WHAT NEEDS TO BE DONE:
Omit the pictures, then reproduce exactly the line bearing "献立は、ピザトースト、牛乳、ビーンズサラダ、ヌードルスープでした。" and every line after it up to and including the last line of the entries below.

Dataset records:
= Beginning of Section =
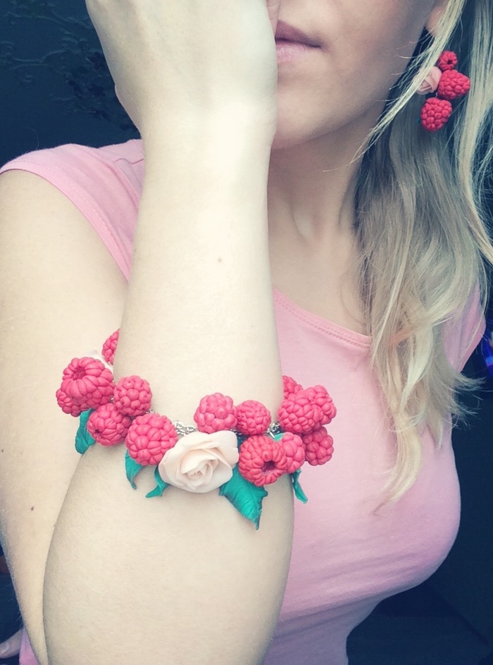 Далее была проба малины (в виде смешанной как попало опять глины) .. браслет и серьги, опять же, на мое удивление очень прочные, падали раз 10 и ничего.. хотя над техникой выполнения еще работать и работать.. делалось все опять же по памяти
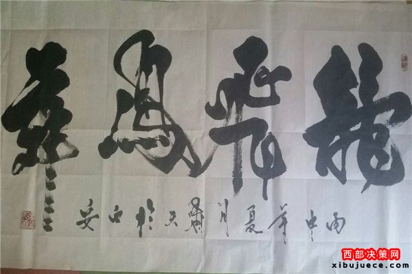 龍乃華人想象中最尊貴、最吉祥之物。生活之中無(wú)所不在,上下五千年,仍一以貫之,舉世無(wú)與倫比。華人更以龍的傳人自居,一旦風(fēng)起云涌,海生駭浪,則龍卷風(fēng)云,霞光萬(wàn)丈。其“一筆龍”書(shū)法作品將書(shū)法和繪畫(huà)非常巧妙的而高度的融合,依易經(jīng)智慧,集意念、氣功為一體,運(yùn)筆如神,酬勁有力,一氣呵成,氣勢(shì)磅礴,形象逼真。整個(gè)字體呈現(xiàn)出一條蒼龍騰躍飛天之勢(shì),寓意了中國(guó)龍騰飛吉祥的福兆,更展現(xiàn)了中華民族不屈不饒的民族精神。
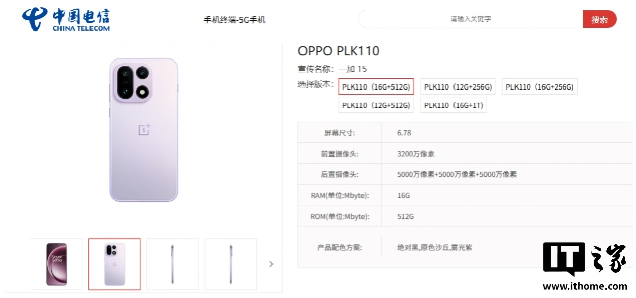 IT之家 10 月 26 日消息,型号为“OPPO PLK110”的一加 15 手机已现身中国电信终端产品库。该机提供 12GB+256GB、16GB+256GB、12GB+512GB、16GB+512GB、16GB+1TB 五种存储规格,拥有绝对黑、原色沙丘、雾光紫三种配色,产品零售价格尚未公布。
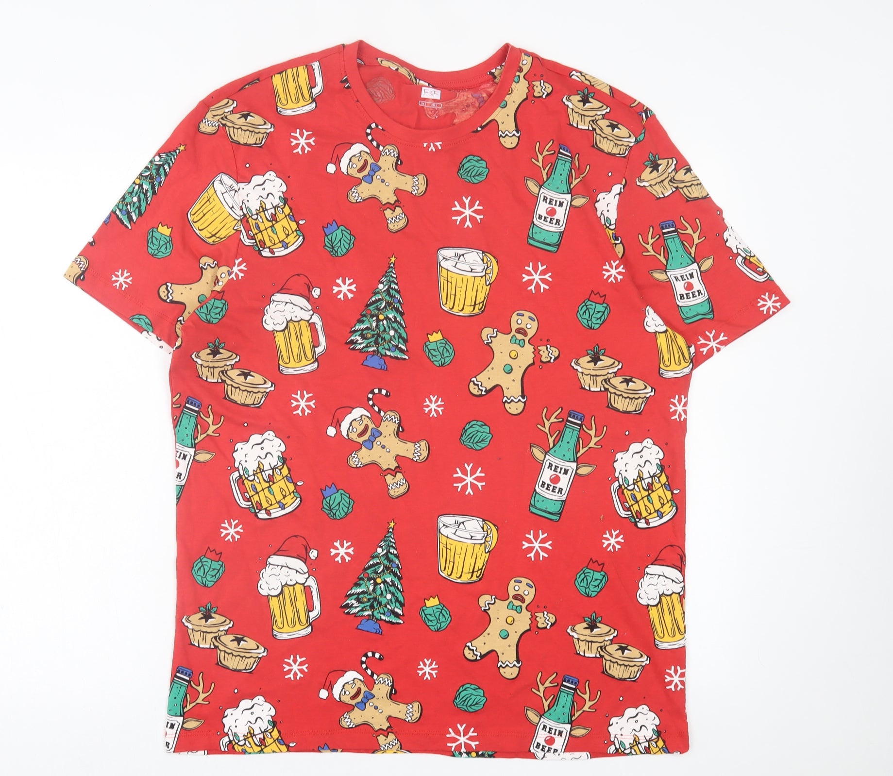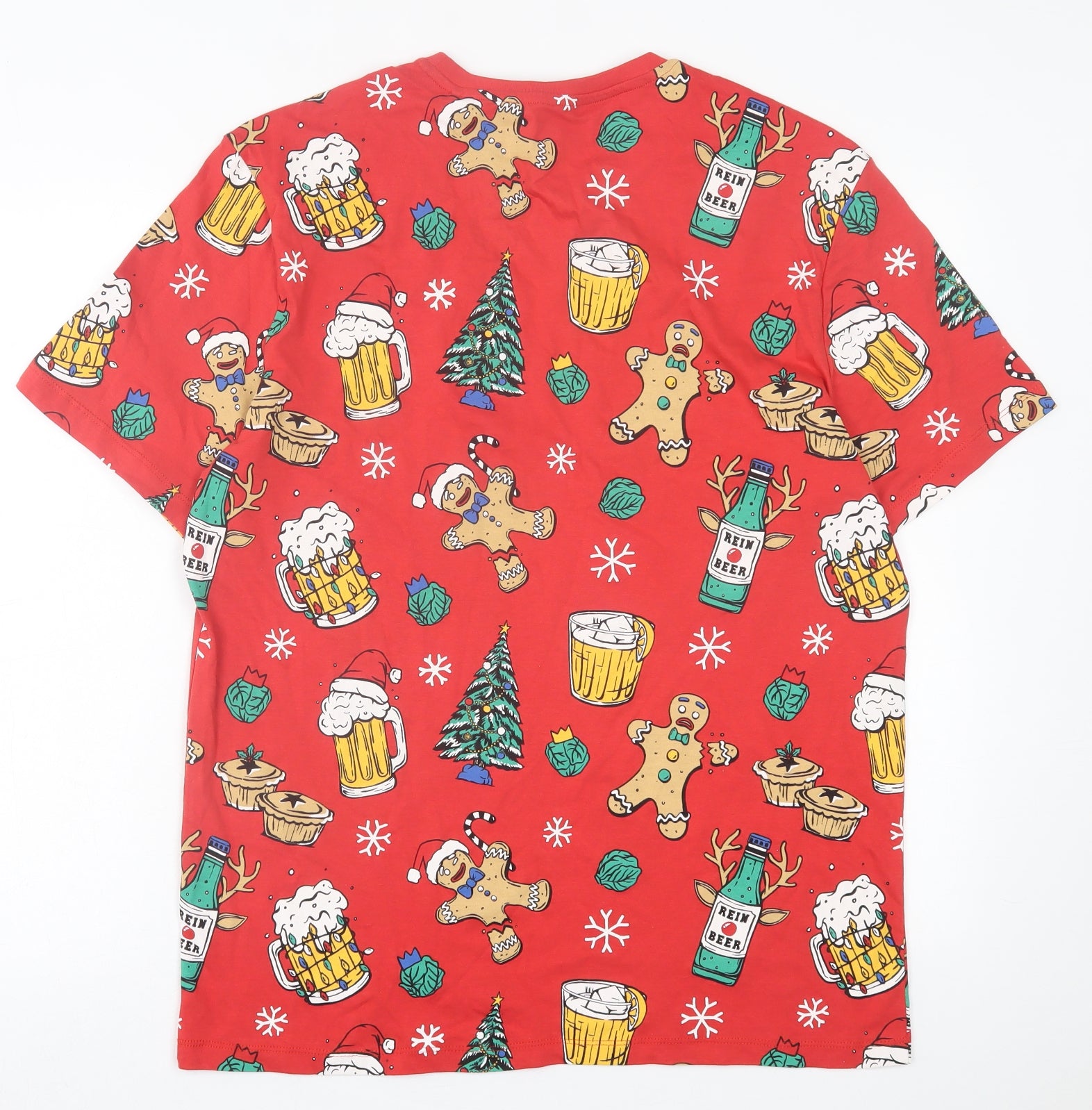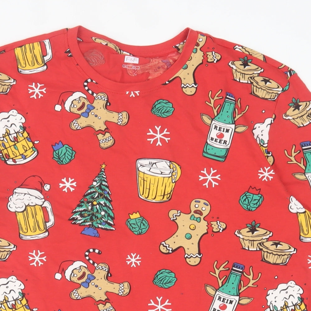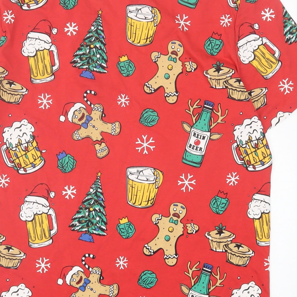 Mens Red Geometric Cotton T-Shirt Size L Crew Neck - Christmas
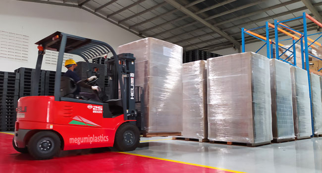 - Contoh: Forklift mengangkat palet yang berisi produk siap jual di gudang.
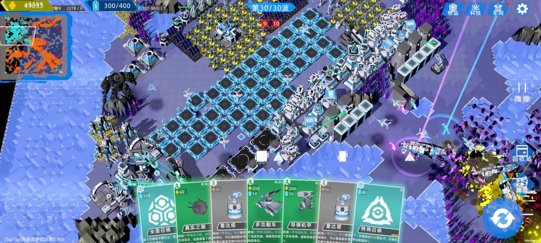 太卡了,卡成PPT了,视频是拆建筑加删卡后才没那么卡,在60波把建筑卡,军队卡,战术卡最顶级的都解锁了,但是军队一多就掉帧,打完一个阶段等上4分钟才下一波实际要等上两三倍时间(建议作者缩短时间),删卡金币永久成倍增加到后面很难删的起。最后祝作者大卖,游戏还是很好玩的。
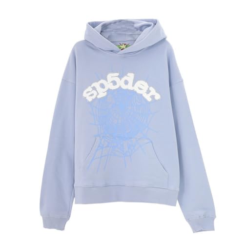 Sybnwnwm Punk huvtröja män spindelnät blast tryck sweatshirt retro Y2K grunge huvtröjor gotisk streetwear pullover, B-blå, S
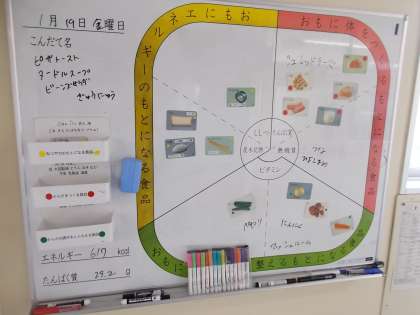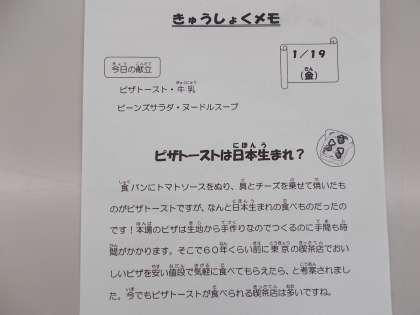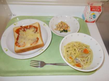 献立は、ピザトースト、牛乳、ビーンズサラダ、ヌードルスープでした。
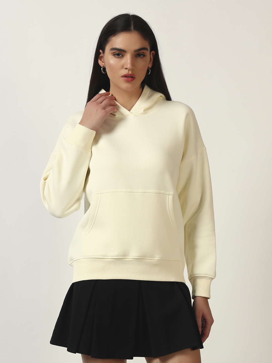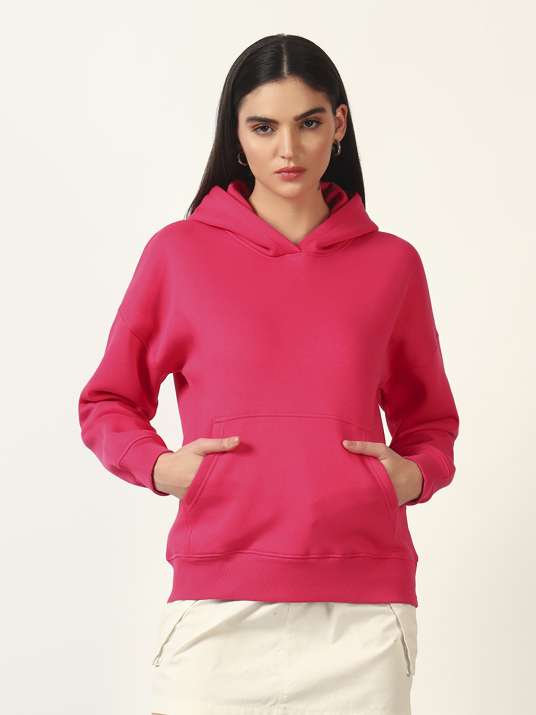 Elevate your casual style with this Women’s Solid Hoodie, designed for comfort and versatility. Crafted from soft, breathable fleece fabric, it offers a relaxed fit with ribbed cuffs and hem for a flattering silhouette. The spacious kangaroo pocket and cozy hood add a functional yet trendy touch — perfect for layering on cool days.
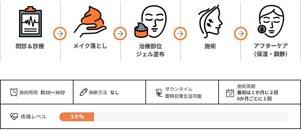また、サードパーティの機器の速い施術速度(6分)と少ない痛みで効率的な施術が可能で、
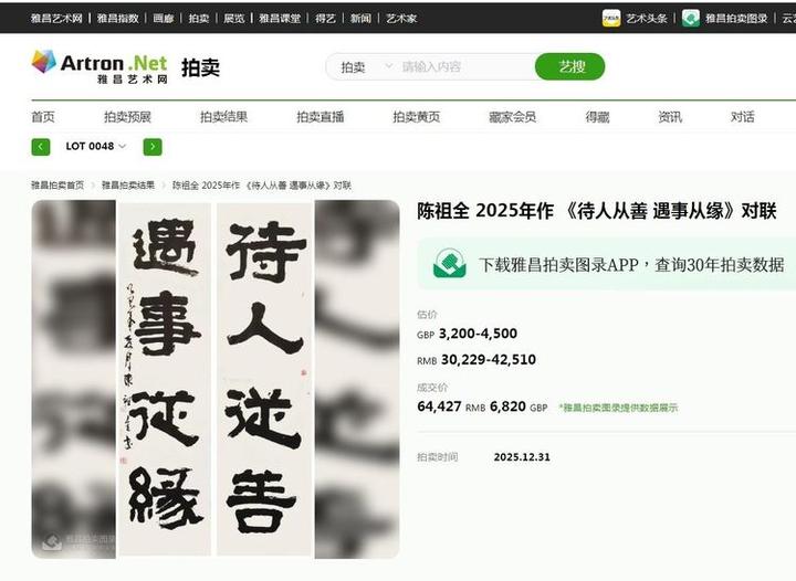 陈祖全书法作品《待人从善 遇事从缘》对联以6.4万元成交
= End of Section =
RESPONSE:
 献立は、ピザトースト、牛乳、ビーンズサラダ、ヌードルスープでした。
 Elevate your casual style with this Women’s Solid Hoodie, designed for comfort and versatility. Crafted from soft, breathable fleece fabric, it offers a relaxed fit with ribbed cuffs and hem for a flattering silhouette. The spacious kangaroo pocket and cozy hood add a functional yet trendy touch — perfect for layering on cool days.
また、サードパーティの機器の速い施術速度(6分)と少ない痛みで効率的な施術が可能で、
 陈祖全书法作品《待人从善 遇事从缘》对联以6.4万元成交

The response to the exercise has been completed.